Brazilian press postmortems of polls that missed late mayoral results predominantly target late polls — the discrepancy is newsworthy because verification is immediate — but no formal estimate of the time gradient exists. ABEP industry-side commentary names auto-financiamento as a "cover" channel for irregularidades, institutional confirmation that non-verifiable polls accumulate slant [stories.csv #077]. LE.33.§4 criminalizes fabricated polls (detenção 6 mo – 1 yr + multa) [institutions.md §"Compliance and sanctions"]; the penalty bites post-election, sharpening the time-decay logic. The cheap-talk-with-verification template is Crawford & Sobel (1982) sharpened by Milgrom & Roberts (1986).

Evidence

Analysis Bearing Key takeaway
AN-005 Mixed sponsored_by × days_to_election slope = +0.037 pp/day (SE 0.019, p = 0.054). Implied β rises from +7.00 pp at 7 days out to +13.41 pp at 180 days out — about half the headline β decays over the 6 months before the election. Direction matches verifiable disclosure; marginal significance and absence of Channel A controls keep this Mixed rather than Confirmed.

Open tests

Decomposition after Channel A controls

The clean Channel B test re-estimates the sponsored_by × days_to_election interaction after absorbing the declared methodology bundle (the H3 specification — see H3). The Channel B prediction is that the interaction survives the methodology controls; if it collapses, the decay is Channel A, not Channel B. Blocked on the poll_methodology LLM extractor queued in pipelines/politica/docs/todo.md.

Sample-split estimator

A two-bin estimator (last-month polls vs early polls) rather than the continuous interaction would sharpen interpretability: directly report β_late and β_early with a difference test. Suggested follow-up in AN-005.
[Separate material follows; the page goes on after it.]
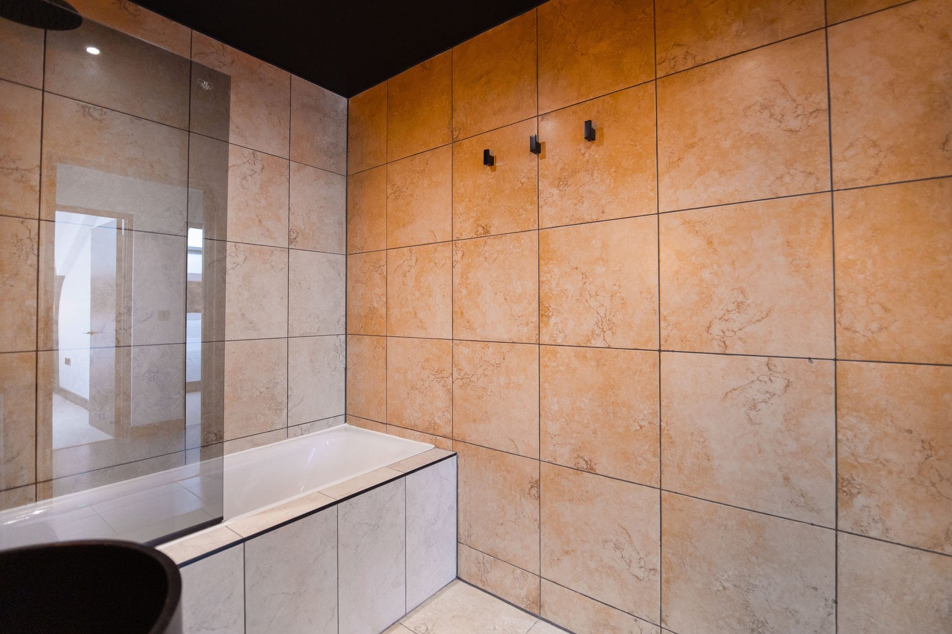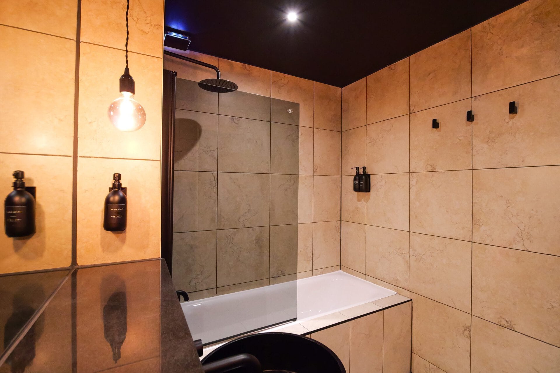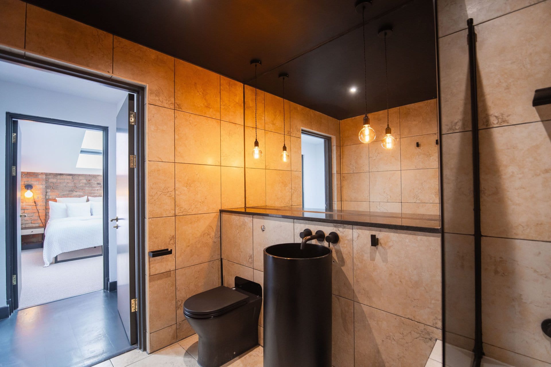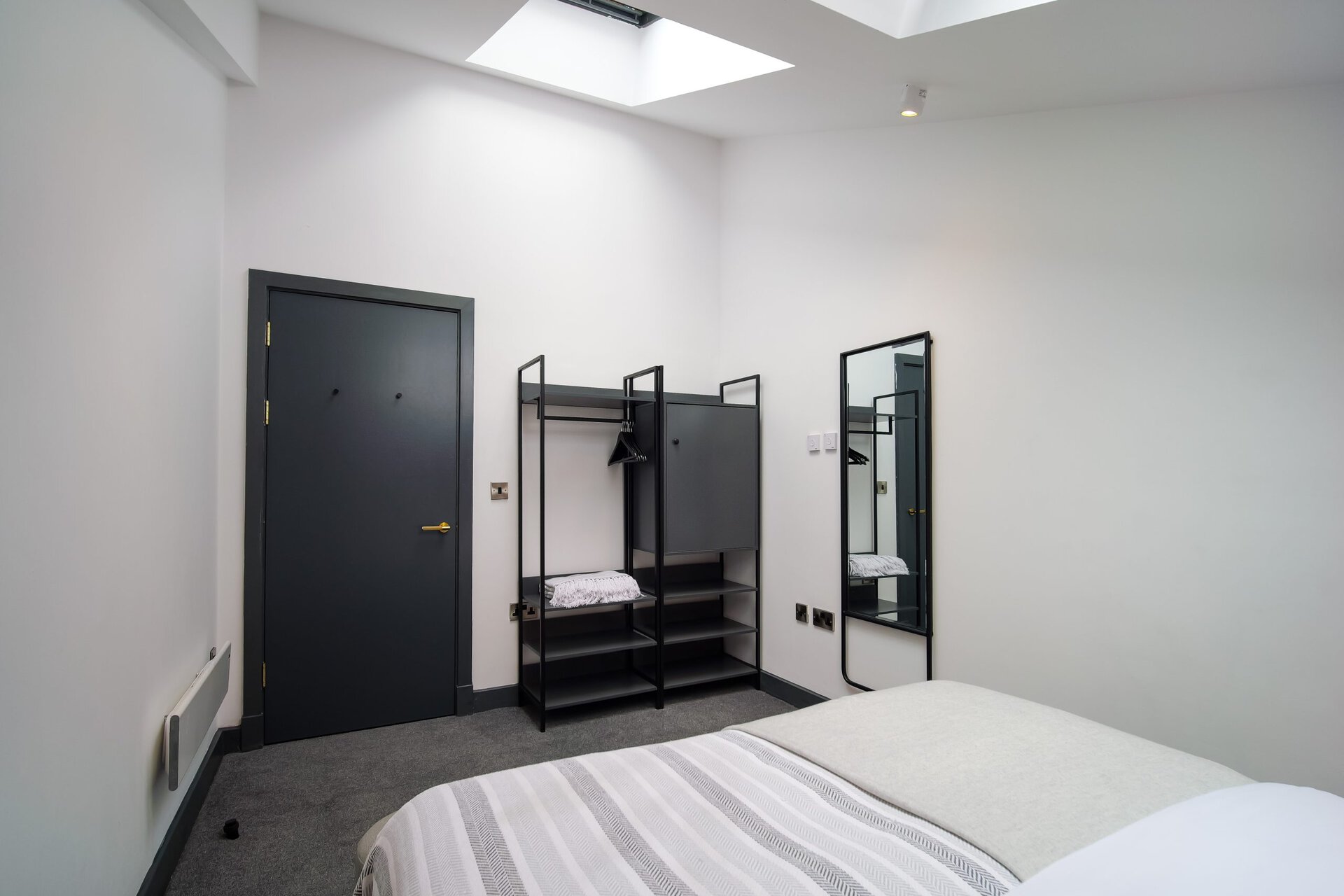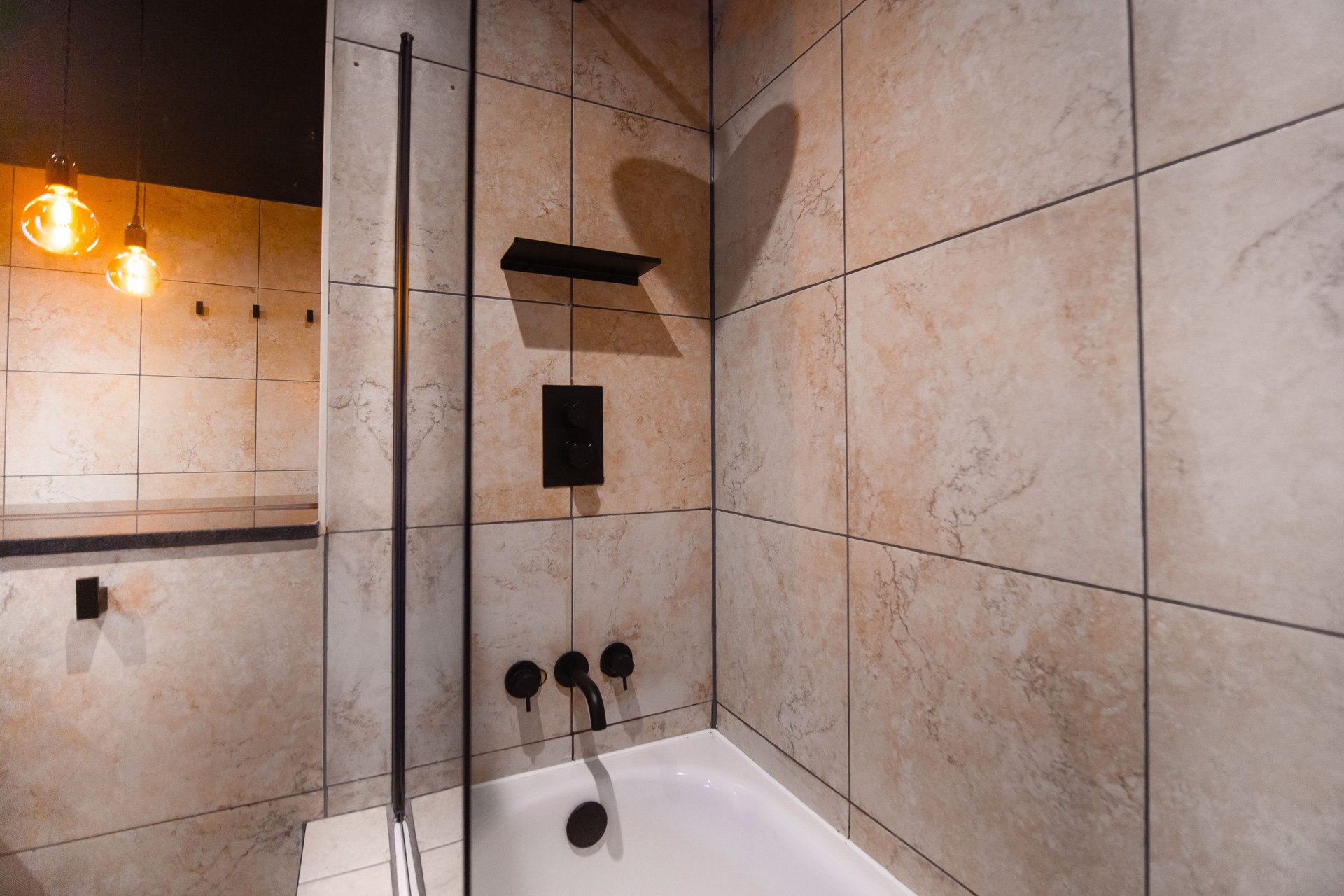 The bathrooms balance simplicity with luxury.Boasting a large walk in shower  in the upstairs en suite and a spacious tub in the downstairs both bathrooms have mirrored cabinets that help bounce light around the rooms.Â

Interacting the decay slope with sponsor route (CPF, committee, party) would tell us which sponsor types let slant decay most. Hypothesis from AN-005: Route B (committees) — professional staff with verification awareness.

2022 cycle extension

p = 0.054 is borderline. The 2022 cycle would add time-to-election variation and candidates, with negligible additional Channel A ambiguity since the design carries over.

Supporting analyses

AN-005 yellow causal

β × days_to_election slope = +0.037 pp/day (p=0.054). Polls 6 months out are slanted by ~13 pp; polls in the final week by ~7 pp. Slant shrinks toward the election as verification looms — direction matches the verifiable-disclosure prediction.